Теперь очередь офицерика хлопать ресницами, благо, они у него с длинными, как у девушки, ресницами. Да ещё испуганный вид моей дочери… В это время из-за нашей спины слышим женский голос:

— Похоже, господин Ковалёв, что этот господин со столь юной спутницей, из Североамериканских Штатов или Британии. Говорит он на британском наречии, только с непонятным акцентом.

Резко разворачиваюсь — передо мной действительно дама лет тридцати пяти, даже, пожалуй, ближе к сорока, прилично одетая.

— Вы понимаете, меня леди?

Одновременно сдёргиваю шляпу, склоняя голову в поклоне. Дама принимает величественную позу:

— Княгиня Шаховская, Екатерина Петровна, сударь. Или сэр?

Облегчённо улыбаюсь:

— Лекс Торвальд, леди, и моя дочь — Лиэй.

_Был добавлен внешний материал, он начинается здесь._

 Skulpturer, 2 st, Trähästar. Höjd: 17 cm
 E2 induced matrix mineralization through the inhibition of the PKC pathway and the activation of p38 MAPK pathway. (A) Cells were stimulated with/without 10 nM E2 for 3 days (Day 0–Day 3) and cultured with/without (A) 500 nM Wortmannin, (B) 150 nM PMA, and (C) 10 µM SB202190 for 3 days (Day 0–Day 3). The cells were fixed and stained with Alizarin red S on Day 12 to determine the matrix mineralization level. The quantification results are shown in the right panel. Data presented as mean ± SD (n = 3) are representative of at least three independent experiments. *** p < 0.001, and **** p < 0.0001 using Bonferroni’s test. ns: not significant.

…Ну а чего скрывать то? Да и девочка может запутаться… Продолжаю фразу:

— Из Новой Зеландии. Остров Те Ва́и Пау́наму. У меня небольшое дело, а поскольку моей дочурке доктора прописали отвлечься от обыденности, то мы с ней путешествуем по миру. И сейчас попали в Россию.

И без всякого перехода:

— Что хотят от нас эти военные?

Дама устало вздыхает:

— Проверить ваши документы, мистер Торвальд. Уж слишком вы выделяетесь среди всех.

Кивает чуть в сторону — верно, вокруг нас уже собралась целая толпа любопытствующих. Торопливо лезу в карман жилетки, вытаскиваю оттуда ужасно большой и неуклюжий документ. Протягиваю бумаги прапорщику, тот вчитывается в готические буквы, пытаясь понять, и в дело вновь вступает любезная княгиня:

— Господин из Новой Зеландии. У него какой-то остров с совершенно непроизносимым названием, милостливый государь. Его дочери врачи прописали смену впечатлений, и они путешествуют по всему миру.

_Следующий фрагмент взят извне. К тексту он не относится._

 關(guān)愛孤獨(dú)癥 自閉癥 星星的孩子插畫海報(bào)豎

Прапорщик настороженно смотрит на меня:

— Когда вы прибыли, и почему не встали на учёт у военного коменданта?

Слушаю перевод, затем вздыхаю:

— Вы, русские, ужасно подозрительны. Прибыл я в данный город двадцать минут назад. Мой авто сейчас будет. Поэтому встать на учёт я не успел. И, к тому же, я гражданин другого государства, не имеющего дипломатических отношений ни с прежней Россией, ни с новыми.

К моему удивлению, Екатерина Петровна переводит сказанное мной очень точно, и прапорщик чуть краснеет, когда слышит — новые России-. Сильно я его уколол. Очень сильно. Он сухо возвращает мне документы, берёт было под козырёк, потом спохватывается:

— Надолго в наши края?

Едва не прокалываюсь, но хватает выдержки дождаться перевода княгини, и только потом ответить:

— Два, максимум, три дня. Потом едем в Стамбул. За нами придёт корабль.

Прапорщик вновь кивает, а я расшаркиваюсь перед леди:

— Благодарю вас за помощь, уважаемая княгиня. Могу ли я вас чем-нибудь отблагодарить? Скажем, пригласит с нами отобедать?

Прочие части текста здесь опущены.